エゼリアさんたちに、ぺこりと頭を下げる。
「・・・お手数をお掛けします」
「なに言ってるんですか。水臭い」
「罠に興味が有るのも本当ですからね」
すごいなあ。ハインズ様たちを丸め込むお師様も凄いけれど、お師様を平然と丸め込むエゼリアさんたちも凄い。
ウォーレスの女性は本当に強い。
「フレイア様。訓練は終了ですか?」
「ああ。三人とも疲労しているからな。
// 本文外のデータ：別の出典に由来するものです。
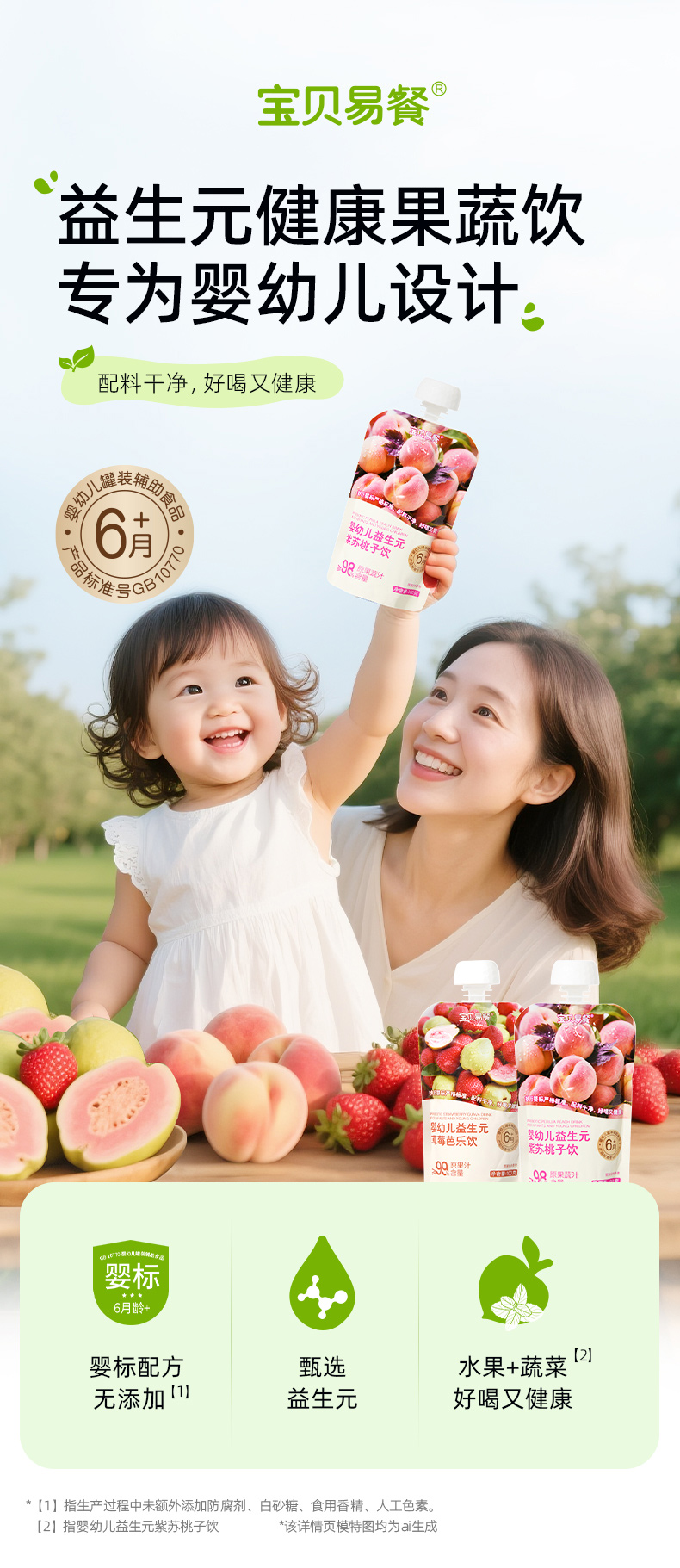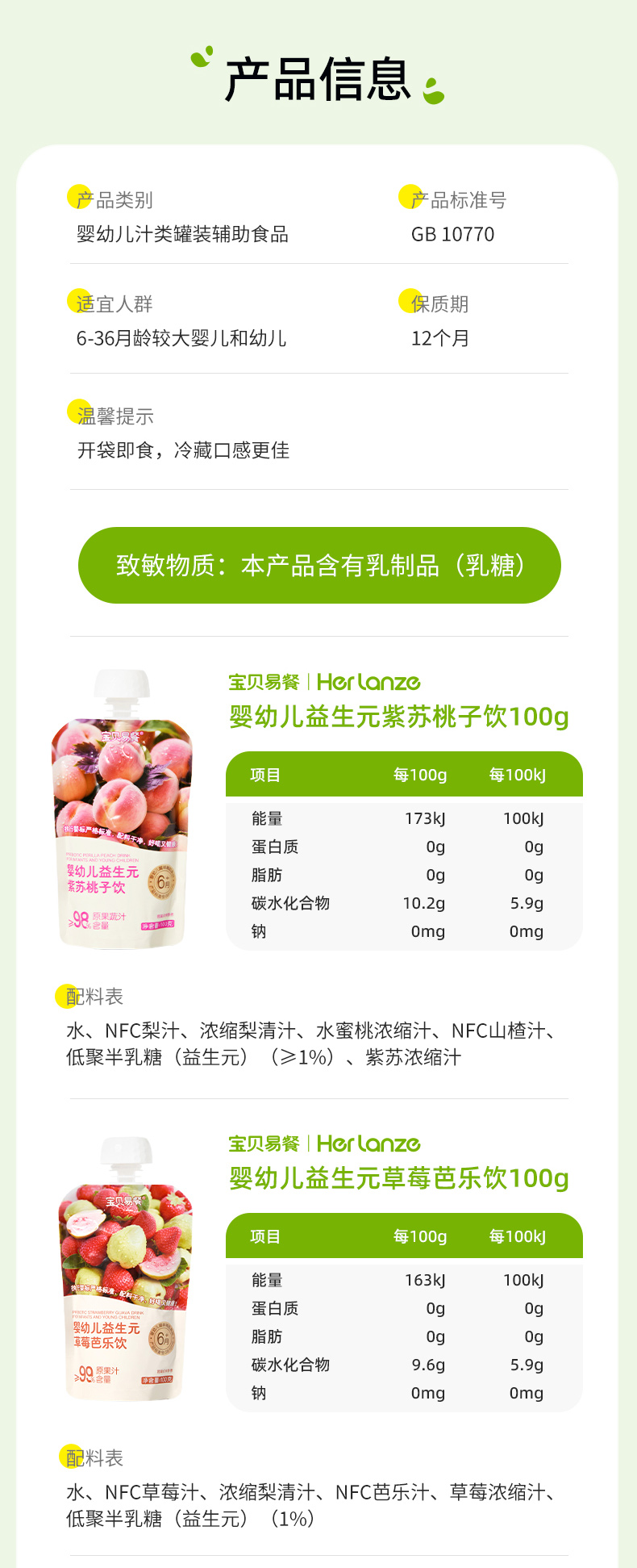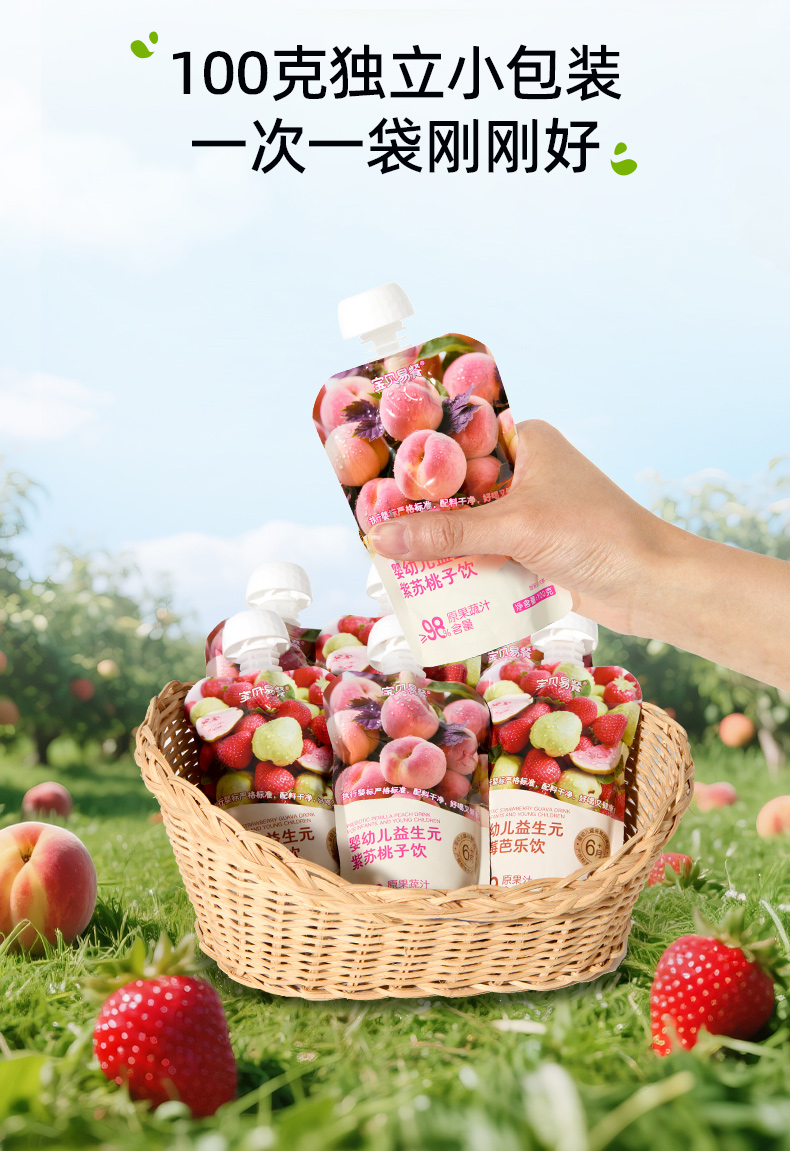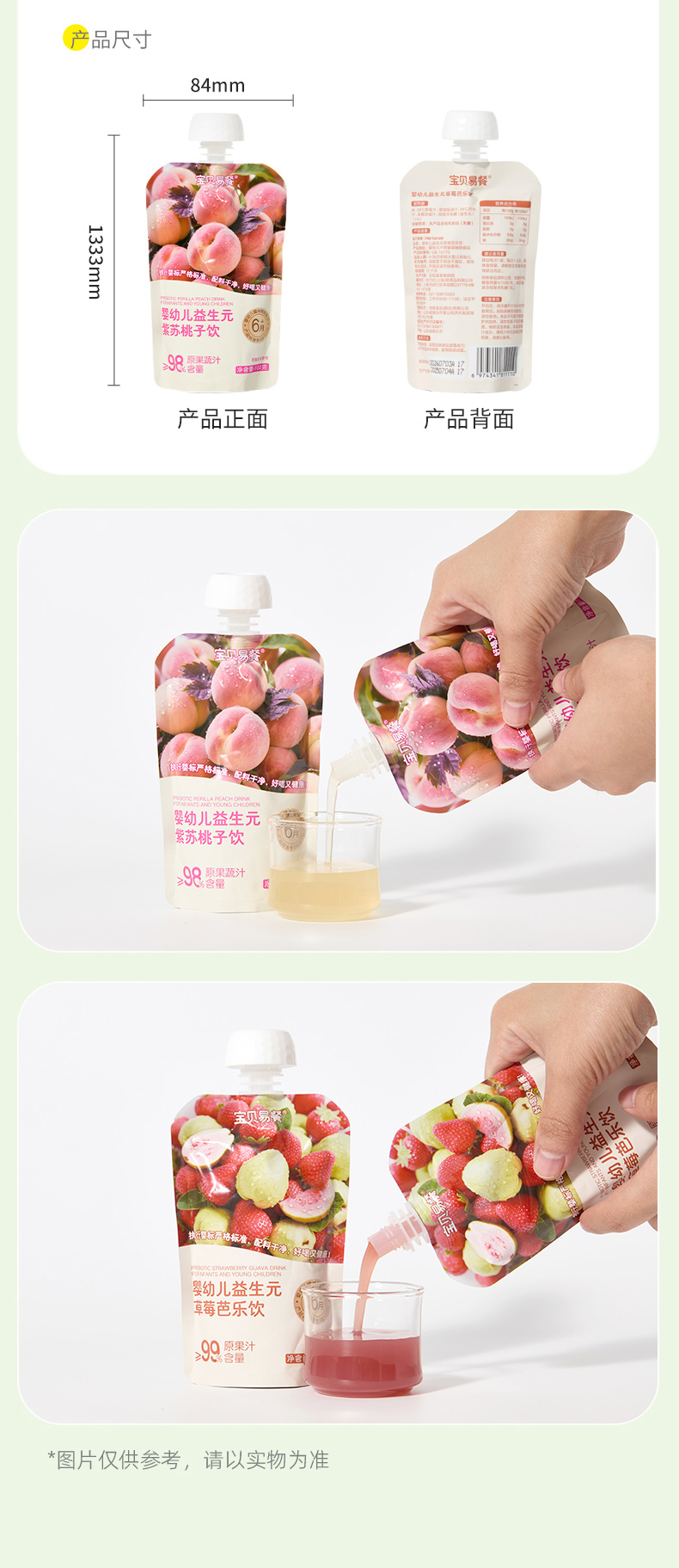 宝贝易餐婴幼儿益生元紫苏桃子饮100g/益生元草莓芭乐饮100g
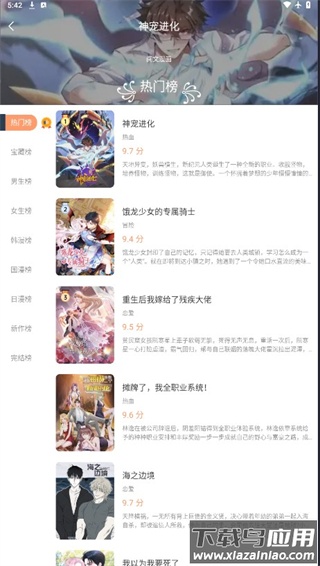 4、点击主页上方的排行榜,可以查看各榜单中最受欢迎的漫画。

休息も取らねば体の成長に障る」
「では、失礼して」
「ちょっ! あなたたち!」
「湯あみしましょうね。髪まで汗だくの土塗れではありませんか」
「あらあら」
お師様の返事を聞くが早いか、ルナリアと私はディーナさんの小脇に抱えられ、テレサはエゼリアさんの小脇に抱えられた。
「・・・うーん。毎回、こんな感じかあ」
バスルームへと持ち込まれた私たちは頭の天辺から爪先まで洗浄され、ルナリアの部屋のベッドへと放り込まれたら、余程疲れていたのか、すぐに眠りへ落ちてしまった。